Leitchfield has a lending library, the Grayson County Public Library.

==Arts and culture==

The annual Twin Lakes National Fiddler Championship is held each year on the Court Square. Fiddlers from all over the state and region come to Leitchfield to compete for prize money.

Every year, Leitchfield hosts to the Grayson County Fair, which begins the week before Labor Day. The fair features a variety of festivities, including a demolition derby, carnival rides, truck and tractor pulls, field crop contests, and a beauty pageant. The County Fair officially concludes with an annual Labor Day parade.
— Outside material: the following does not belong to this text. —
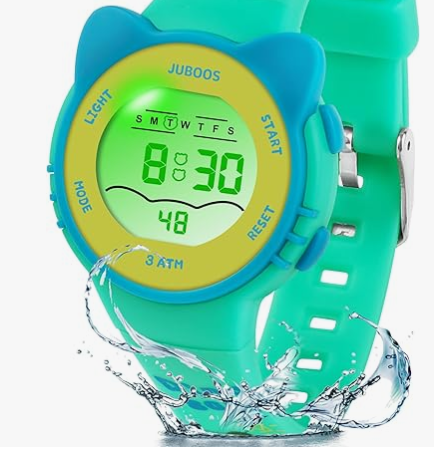 17. Juboos Kid’s Digital Watch for Boys and Girls, Waterproof LCD Digital Sports Child Wirstwatch with 7 Color LED Lights, Stopwatch, Alarm
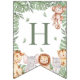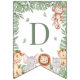 Decorate your Wild One celebration with this adorable jungle-themed birthday banner! Each flag features watercolor safari animals — giraffe, lion, elephant, tiger, and monkey — surrounded by tropical greenery and soft neutral tones. Perfect for a jungle, safari, or Wild One first birthday theme. Coordinates beautifully with matching invitations, thank you cards, and party decor.

What started as an ice cream social on the county square in 1992 has turned into a weekend-long festival. Every July, the Ice Cream Festival, now planned and operated by K105, features a beauty pageant, rides, games, a mixed doubles tennis tournament and the largest fireworks show in the area. At 6pm on the Saturday of the festival, free cups of ice cream are given to festival attendees. Each year, the fireworks show is given a theme. Recent themes include "Stars and Stripes Forever" and "Television Classics". In 2009, the event was replaced by Freedom Fest, which was hyped by the newspapers.
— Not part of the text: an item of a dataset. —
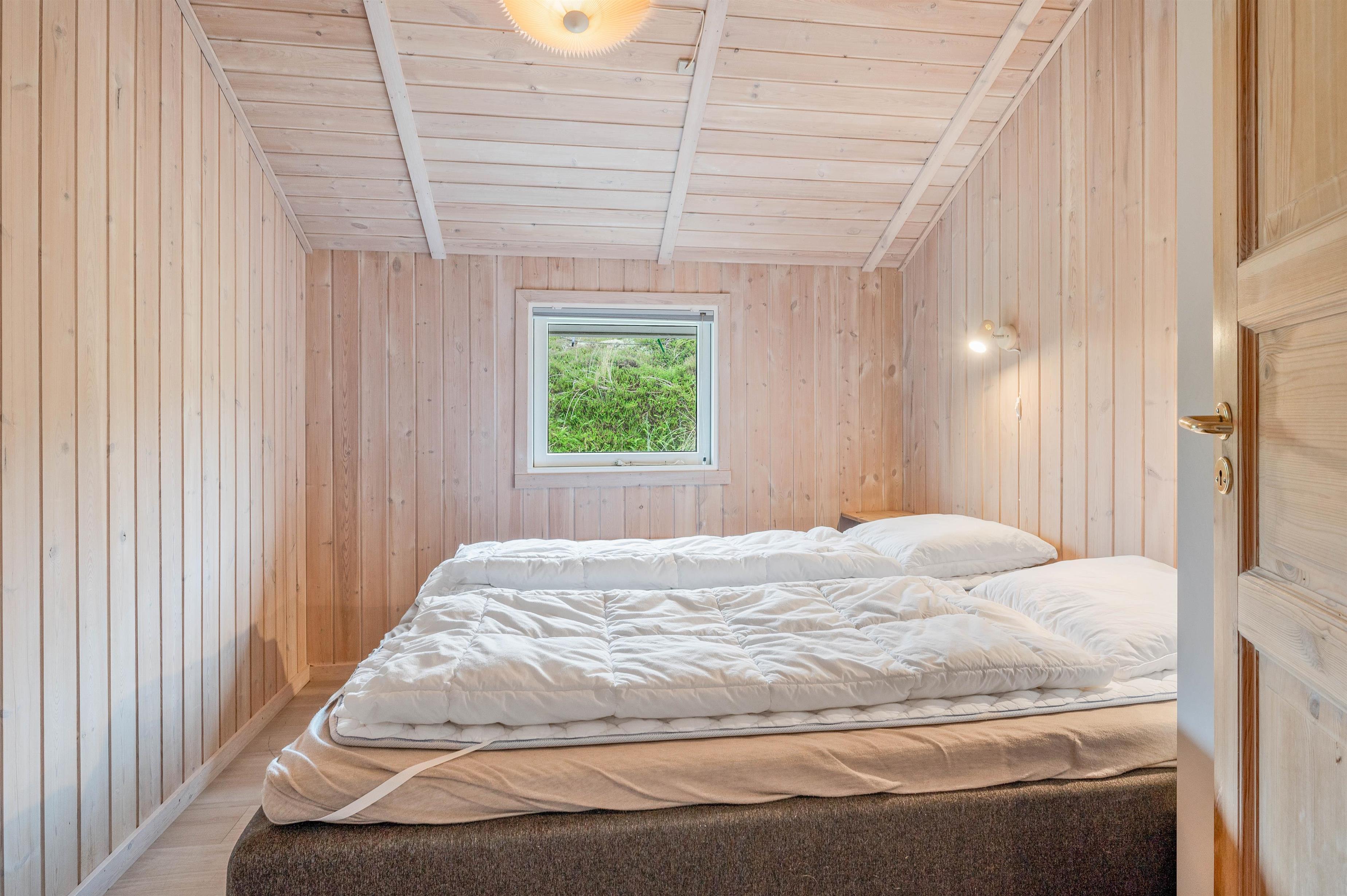 This holiday home features bright, practical furnishings with comfortable furniture and light wooden walls and ceilings. The well-equipped kitchen, dining area and living space are combined in one large room, offering beautiful natural light and a cosy atmosphere. The centrally placed wood-burning stove provides welcome warmth on cooler days. The living room also features a peaceful sleeping alcove.

Each July, the Grayson County Agricultural Recreation Park in Leitchfield hosts the Grayson County 4-H and FFA Ag Fair. The event features farm and youth events and exhibits such as tractor driving contests, homemaker exhibits, and sheep, hog, horse, dairy and beef shows.

A Memorial Day Parade and Ceremony is held each year on the Saturday before Memorial Day. Hundreds march from the Leitchfield firehouse to the county square holding signs of local veterans who died in various conflicts. The ceremony consists of several speeches, the roll call of local veterans who died in the previous year, and the singing of the National Anthem and Amazing Grace. A cookout is held after the ceremony.

==Media==
The city of Leitchfield is served by two newspapers, the Grayson County News-Gazette and The Record.
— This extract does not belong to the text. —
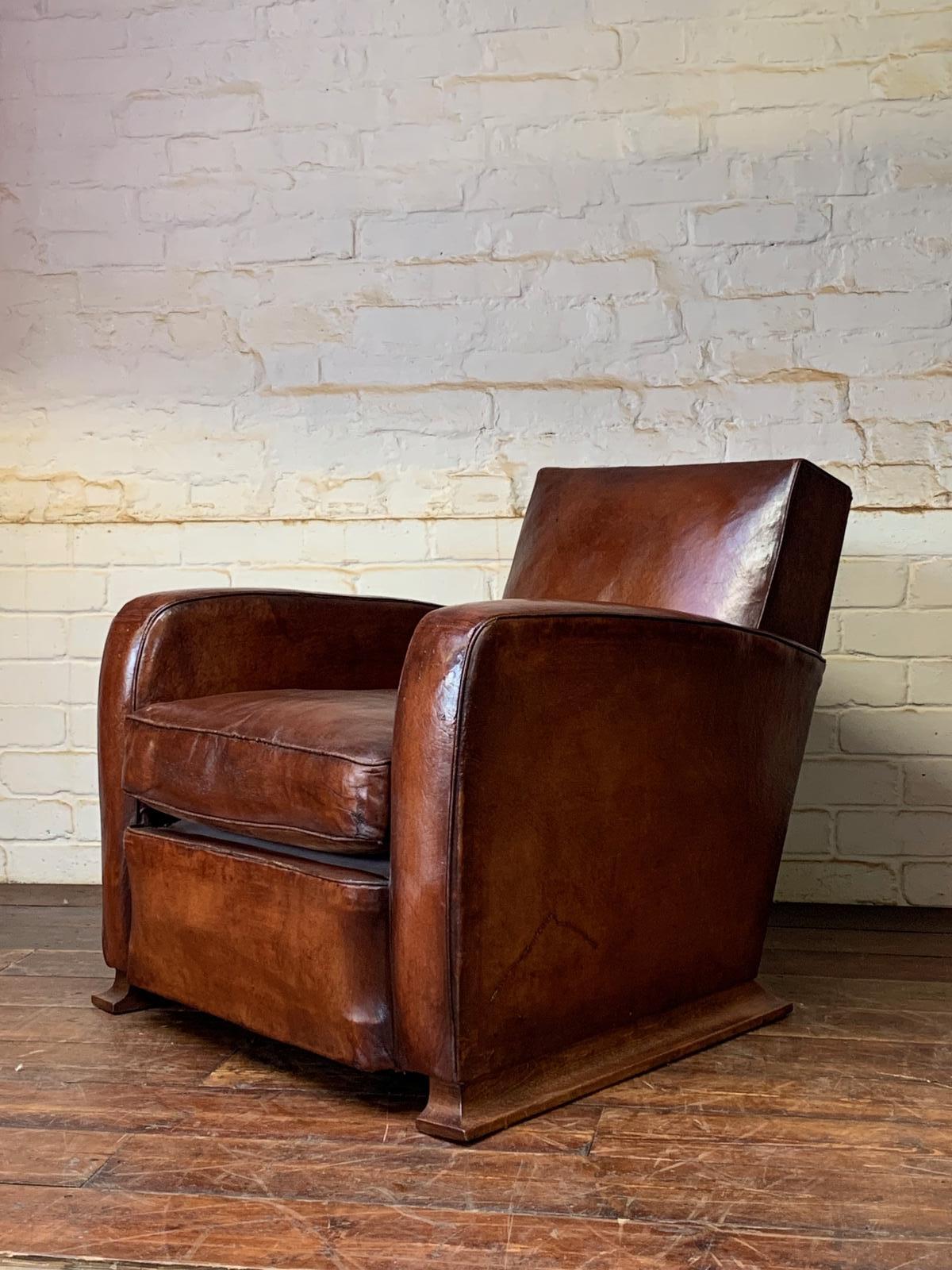 A Stylish & Rare  French Leather Club Chair, Art Deco Model, Circa 1930s (1 of 9)

Leitchfield's radio stations are 104.9 WKHG-FM, a.k.a. K105, a Top 40 station, and 870 WMTL-AM, which plays country music and also 103.9 fm The Moose, which is a country channel that plays popular sports talk show Kentucky Sports Radio hosted by Matt Jones. Both stations are owned by Heritage Media of Kentucky. Also, WKHG carries the radio sports broadcasts for Grayson County High School, the University of Kentucky, and the Tennessee Titans.